OSO was a British government agency with a remit to support British suppliers to the offshore oil and gas industry in the British sector of the North Sea. It was set up in 1973, following the publication the previous year of a report entitled Study of Potential Benefits to British Industry from Offshore Oil and Gas Developments (the IMEG Report).

The primary aim was to raise British industrial participation in North Sea expenditure from an assumed 30% to a target 70%. The principal mechanism was the so-called 'Full and Fair Opportunity' policy aimed at ensuring British-based suppliers (whether or not locally owned) could compete on equal terms with foreign firms. OSO also promoted the establishment of new British-based suppliers, including encouraging inward investment and joint ventures between British and foreign firms. Later, it became involved in R&D support and export promotion. On the basis of its own calculations, OSO rapidly reached and then substantially exceeded its 70% UK content target. However, its statistics were the subject of considerable criticism.

By the late 1980s, the increasing maturity of the North Sea, changes in oil company procurement practices and pressure from the European Commission were all impacting negatively on OSO operations. In preparation for the introduction of the European Single Market, in 1992 OSO abandoned the 'Full and Fair Opportunity' policy and the collection of UK content statistics, leaving it to concentrate on export promotion and R&D support. First as an independent entity with a remit expanded to include the downstream oil and gas and petrochemicals sectors and later as a 'brand' within the Infrastructure and Energy Projects Directorate of the Department of Trade and Industry, OSO survived until 1999.

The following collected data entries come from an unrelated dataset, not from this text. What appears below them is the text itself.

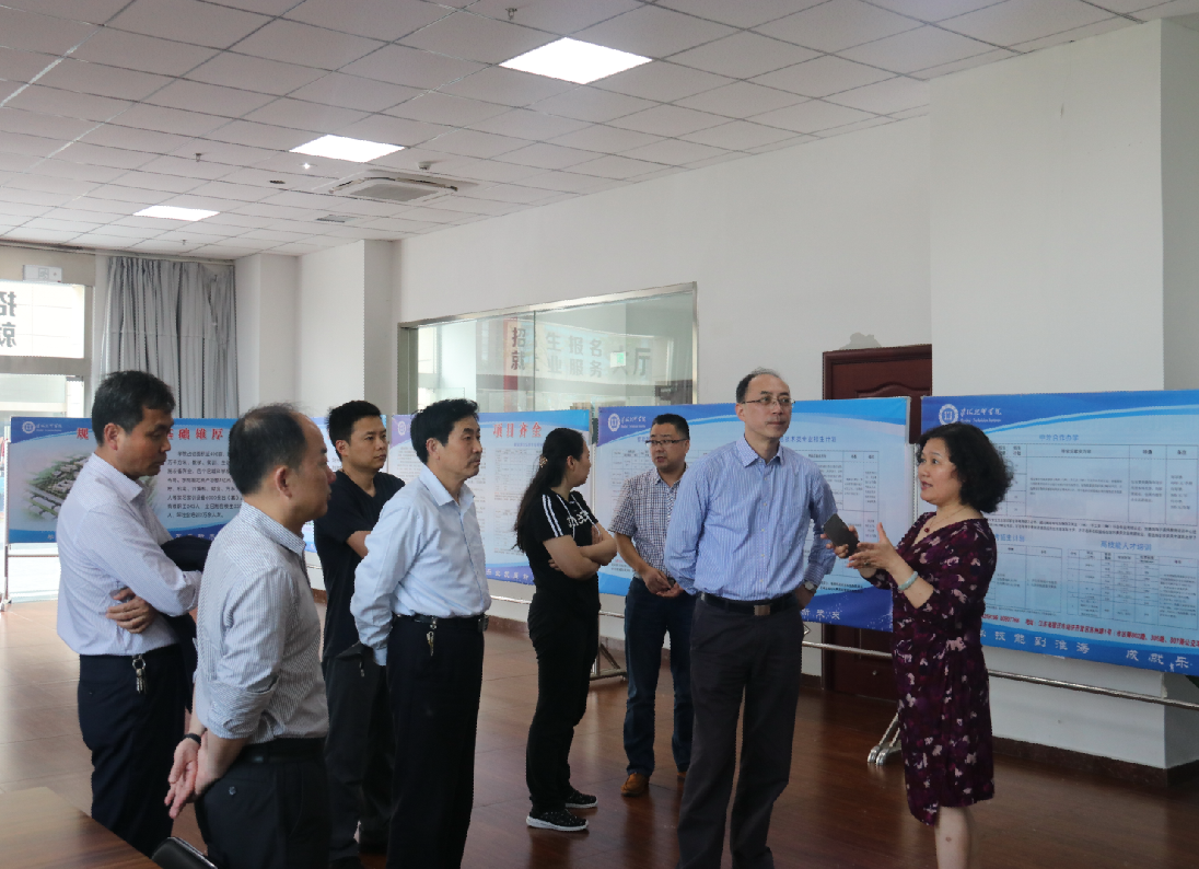 在张部长等领导的陪同下,省厅领导一行视察了校园、工业机器人实训中心、机械加工实训中心、数控加工实训中心、财会实训中心、汽车检测与维修实训中心、建筑实训中心、艺术实训中心等地。张部长首先对省人社厅多年来对我院发展建设的支持表示感谢,她从优秀的师资力量、一流完备的硬件设施、对接国际的教学体系、订单培养的培训特色、广受好评的社会培训等方面着重介绍了学院的办学情况与特色成果以及当前围绕内涵建设所建立的机制体制等创新举措。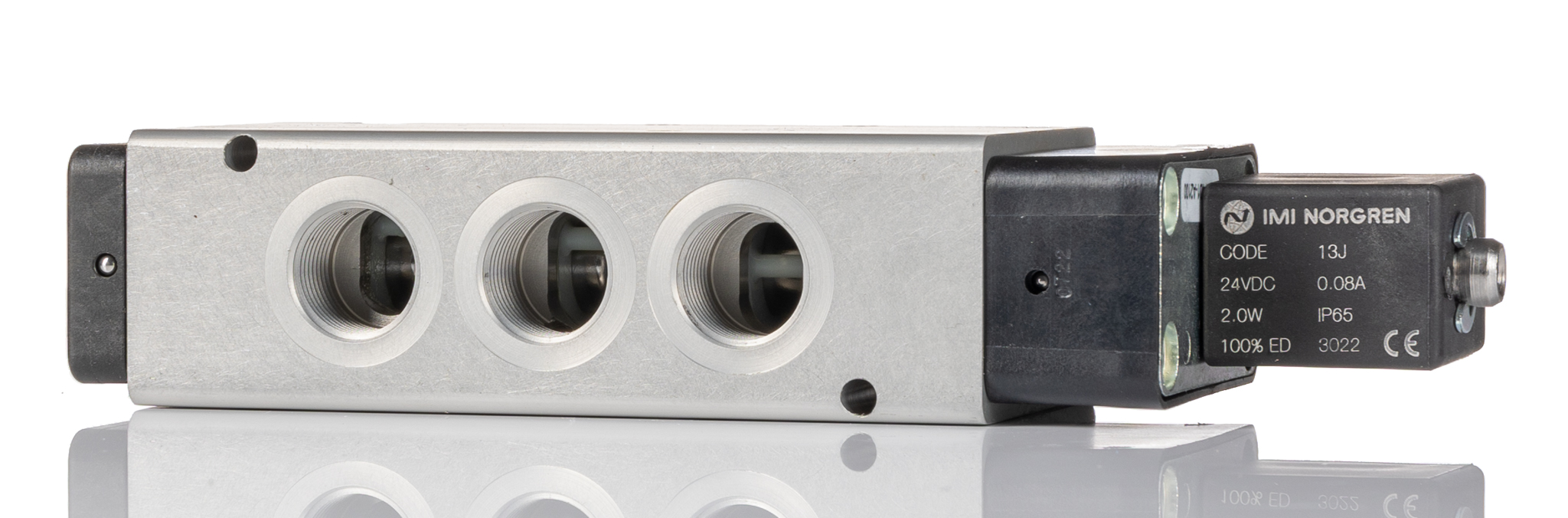 This is 5/2 Pneumatic Solenoid Valve - Solenoid/Air G 3/8 V62 Series manufactured by Norgren. The manufacturer part number is V62C513A-A213J. It performs basic function of 5/2. The product is available in inline style. Whereas, the minimum operating temperature of the product is -10°c. It features 10 bar maximum operating pressure. The product provides up to 2600l/min maximum flow rate. The threaded is a g standard. It also features g 3/8 connection port thread. It has a typical thread size of 3/8in. This product features 5 number of ports. The product's body is nicely designed from aluminium materials. The product has a v62 manufacturer series. It also features solenoid/air actuation. It has a minimum 2bar operating pressure . It has a maximum operating temperature of +50°c. The product carries possible position value of 2.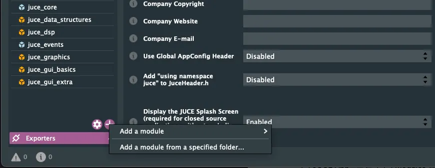 다시 JUCE App으로 돌아와서 Modules 탭에서 아래에 있는 + 버튼을 누릅니다. 그 후, Add a module/Global~/juce_dsp를 선택하여 Juce DSP를 추가해줍니다.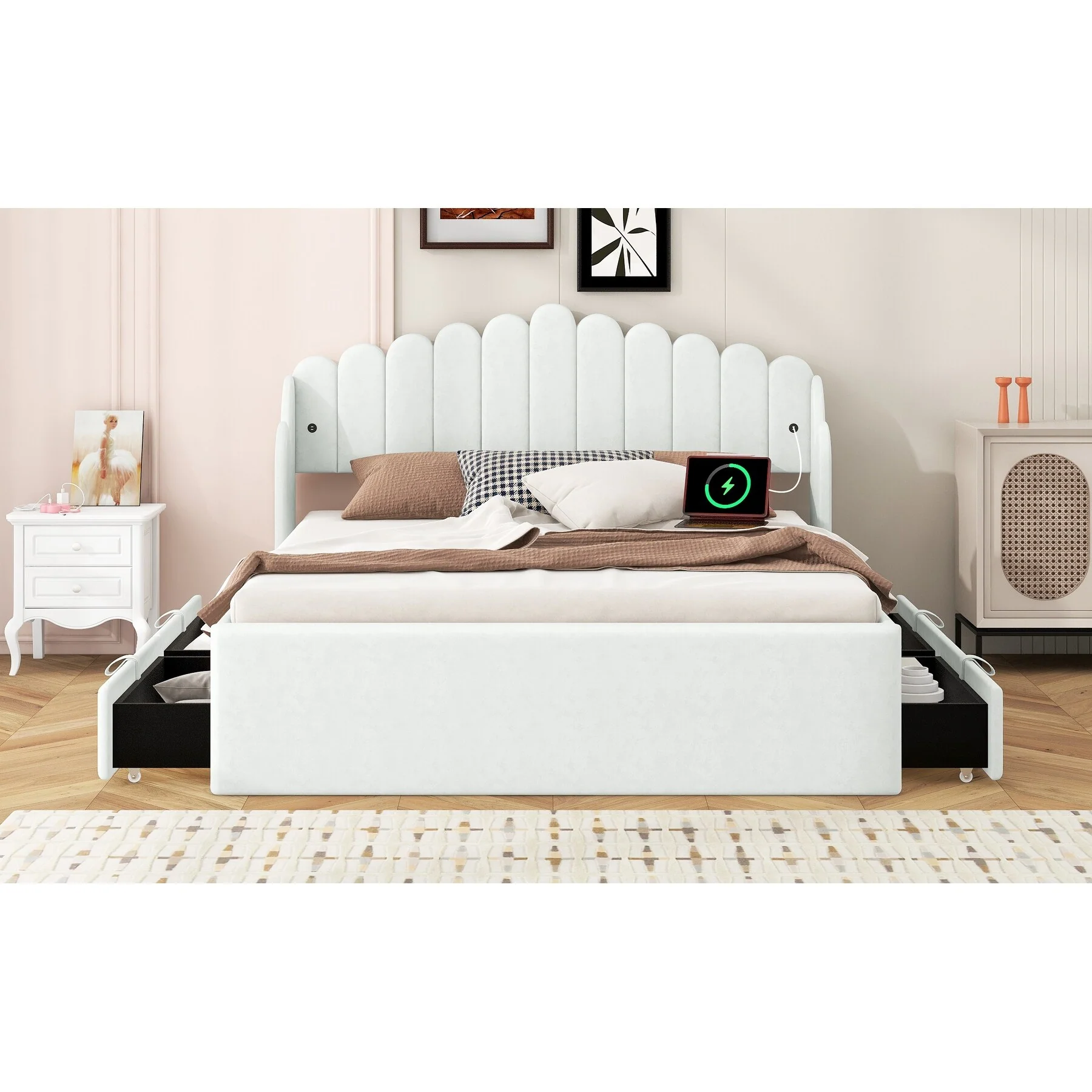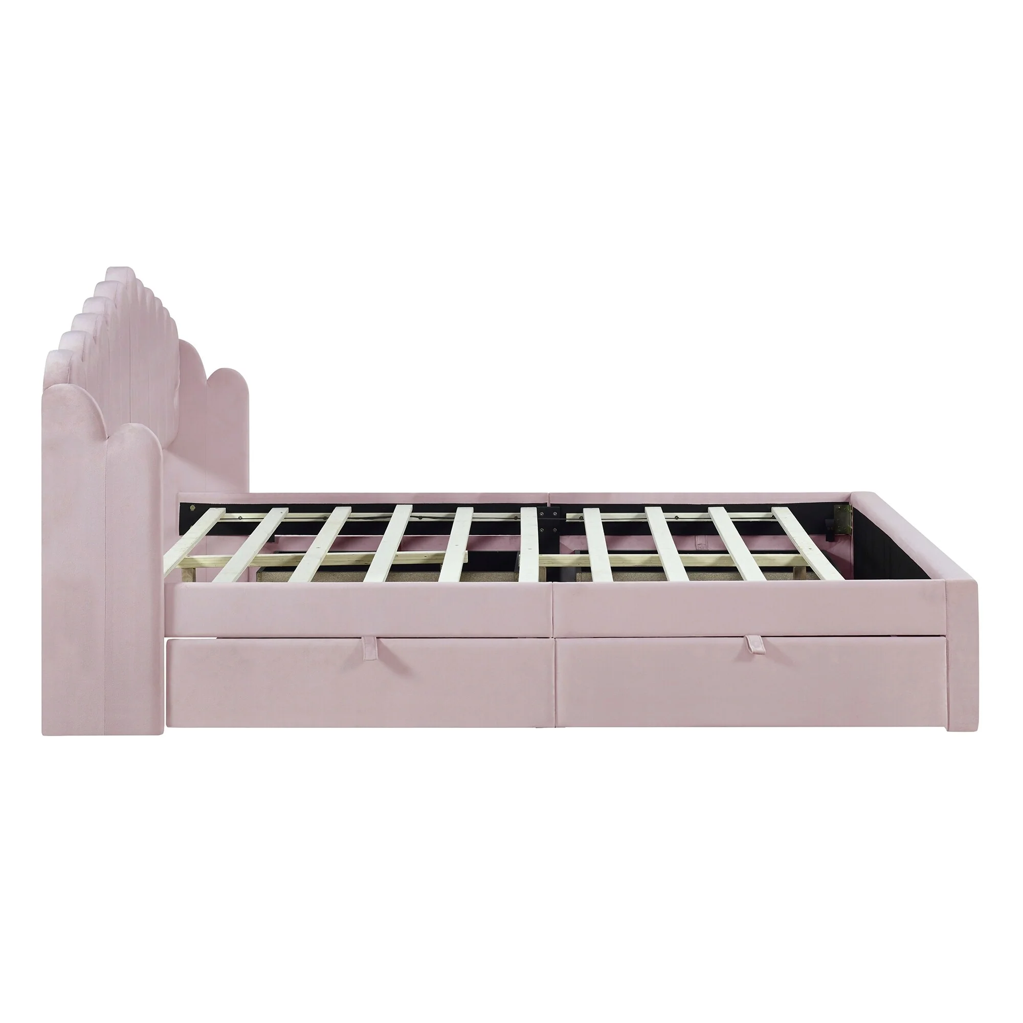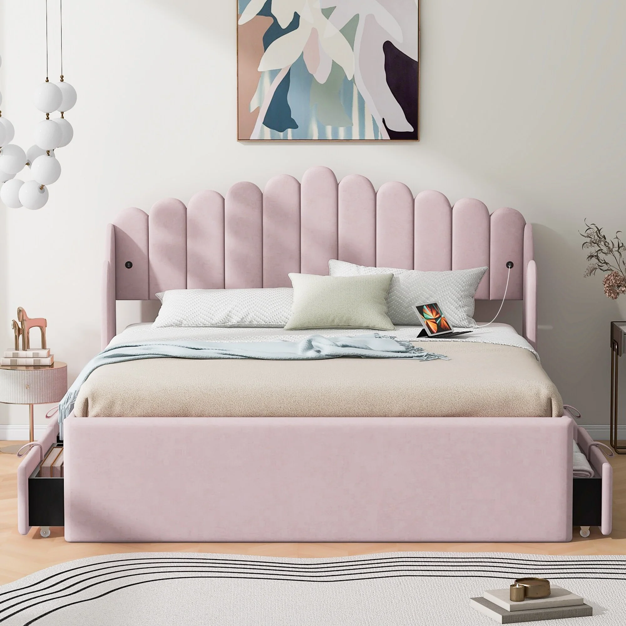 Pink Queen Platform Bed with 4 Storage Drawers and USB Charging Ports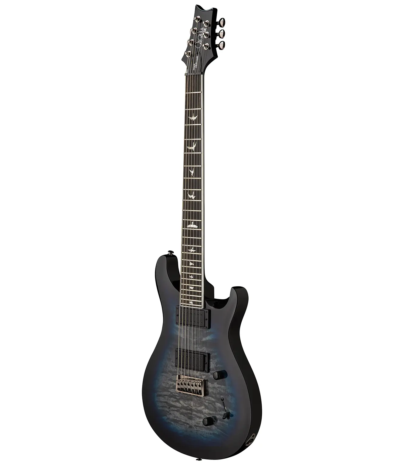 With a string-through plate-style 7-string bridge, 3-way pickup selector, black hardware, and a PRS deluxe gig bag included, this guitar provides professional features at an SE price point. Its Holcomb Blue Burst finish and quilted maple veneer complete the sleek, stage-ready look.
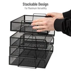 You may also like 4 Compartment Desktop Organizer Vertical File Storage Metal Office Accessory New 25.17 USD 26.49 USD Free shipping 5% off Four-Tier Stackable Desktop Organizer Enhance your productivity with this four-tier, stackable desktop organizer. Designed for letter-size papers, folders, and files, it keeps your essential documents within easy reach. The individual pieces can be stacked for convenient access, used separately for diverse storage needs, or placed in different locations, such as your office and home. Each piece is lightweight, portable, and easy to handle, with a combined weight of 3. 3 pounds (1. 5 kg). This organizer is versatile enough to store other office supplies like pencils, scissors, and rulers, helping to maintain a tidy workspace. It's also a practical addition to your home office or other areas like the kitchen. The see-through mesh construction ensures visibility, allowing you to quickly locate and retrieve what you need. Crafted from sturdy mesh metal, this organizer is built to withstand daily use. For a coordinated look, pair it with other pieces from the Network Collection. This four-tier organizer makes a fantastic gift for colleagues, graduates, new homeowners, or anyone seeking a stylish and practical solution to declutter their workspace. Ready to Use: No assembly required; simply unpack the document holders and stack or separate them as desired Durable and Easy to Clean: The strong mesh metal construction ensures durability, and cleaning is a breeze—just wipe it down with warm water, a soft cloth, and mild soap Dimensions: Each piece of this stackable desktop organizer measures 14 inches long x 9. 75 inches wide x 11. 25 inches tall (35. 56 x 24. 8 x 28. 58 cm) You may also like 4 Compartment Desktop Organizer Vertical File Storage Metal Office Accessory New 25.17 USD 26.49 USD Free shipping 5% off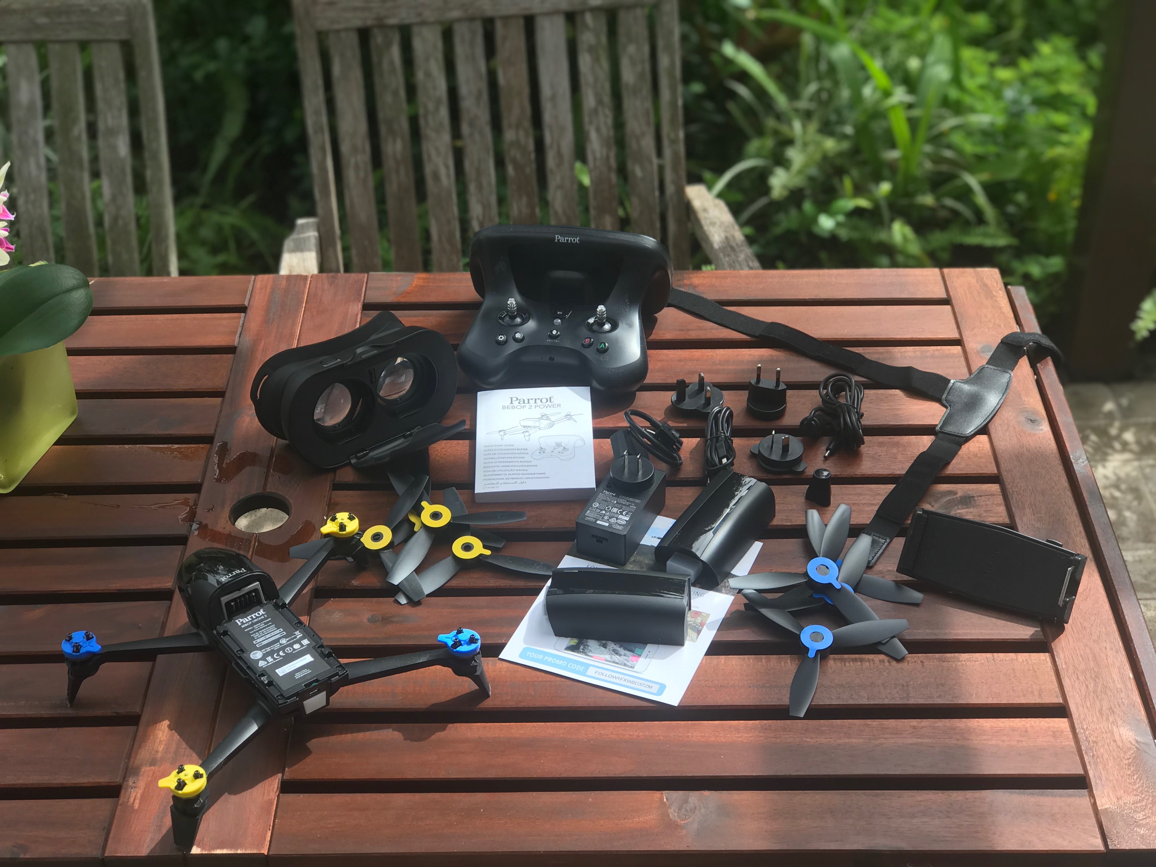 Included in the package is the following: the drone, the new Skycontroller 2, a smartphone/table stand that attaches to said controller, 4 additional propellers, the ‘Cockpitglasses 2’ (FPV goggles), 2 batteries (each providing for 30-minute flight time on a full charge), and the required chargers and cables. Here’s what that looks like: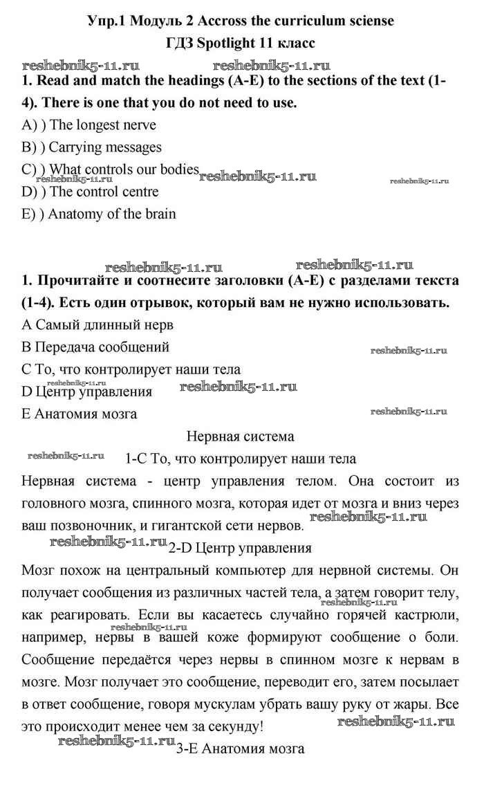 Готовая домашняя работа с ответами по Английскому языку за 11 класс Эванс, Дули, Оби, Афанасьева, Михеева Учебник Spotlight Просвещение 2015 ФГОС - Across the curriculum 1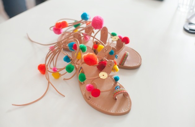 Neben den üblichen Sommer-Lieblingen wie Blumenprints oder luftigen Stoffen bahnen sich gerade Ethno-Produke ihren Weg in den Trend-Himmel: Bunte Bommel, pastellfarbene Quasten und farbenprächtige Stickereien zieren Kleidung, Accessoires und Möbel. Anne Liebknecht vom Berliner Blog Modeschopf hat sich für Etsy ins Zeug gelegt und zeigt in einfachen Schritten, wie man das absolute Sommer-Must-Have für Mode-Liebhaber ohne großen Geldbeutel selbst gestalten kann: Die Pompon-Sandale im Ethno-Look.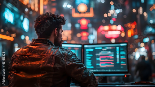 A focused individual analyzes data on dual screens in a vibrant urban nightlife scene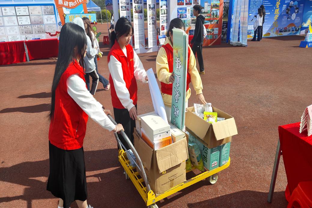 活动现场,身着红色马甲的发展对象们分工有序、密切配合。有的负责搬运物资、布置场地,确保会场整洁有序;有的在服务点位值守,耐心引导用人单位和毕业生;还有的在农产品销售区域热情介绍特色产品,协助开展直播推广。从前期物料准备到现场全流程保障,志愿者们以热情的态度和扎实的作风,为招聘会的顺利举办构筑起一道坚实的志愿服务线。
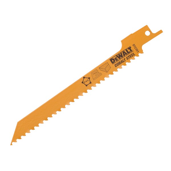 DEWALT Bi-Metal Reciprocating Blades for extreme applications, as well as demolition work. They have a bi-metal construction, combining a HCS body and cobalt-alloyed HSS cutting teeth for increased flexibility and durability.

OSO’s flagship policy of seeking to increase the local content in the expenditure of oil and gas companies operating within a given national jurisdiction was soon widely imitated and subsequently also adopted in respect of other resource-based industries and even beyond. In some cases, governments have imposed a formal requirement for companies to achieve a specific local content percentage by value, in marked contrast to OSO’s practice of aiming at an overall non-binding industry target.